**WHAT YOU SHOULD DO:**
Leaving out every picture, quote the data below exactly as it appears.

**SUPPLIED INFORMATION:**
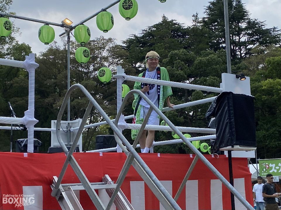 那須川は、最初から最後までフル参加して祭りを盛り上げ、地域住民やファンとの交流を深める。
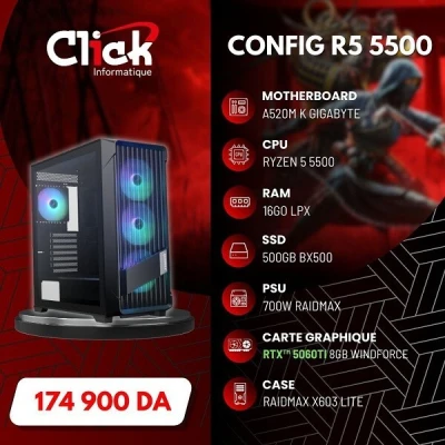 *CPU RYZEN 5 5500 *CARTE MERE A520M K GIGABYTE *MEMOIRE UDIMM DDR4 16GO LPX * SSD 500GO BX500 *CARTE GRAPHIQUE RTX 5060TI 8G WINDFORCE *ALIMENTAION RX700W *BOITIER GAMER X603 LITE
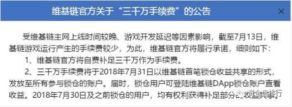 最后世界杯过后投资者们手续费没有收到,维基链发公告说自己补齐手续费给用户,但是条件很恶心人——必须是锁仓Wicc的用户才能得到此收益。

**FINISHED TASK:**
 那須川は、最初から最後までフル参加して祭りを盛り上げ、地域住民やファンとの交流を深める。
 *CPU RYZEN 5 5500 *CARTE MERE A520M K GIGABYTE *MEMOIRE UDIMM DDR4 16GO LPX * SSD 500GO BX500 *CARTE GRAPHIQUE RTX 5060TI 8G WINDFORCE *ALIMENTAION RX700W *BOITIER GAMER X603 LITE
 最后世界杯过后投资者们手续费没有收到,维基链发公告说自己补齐手续费给用户,但是条件很恶心人——必须是锁仓Wicc的用户才能得到此收益。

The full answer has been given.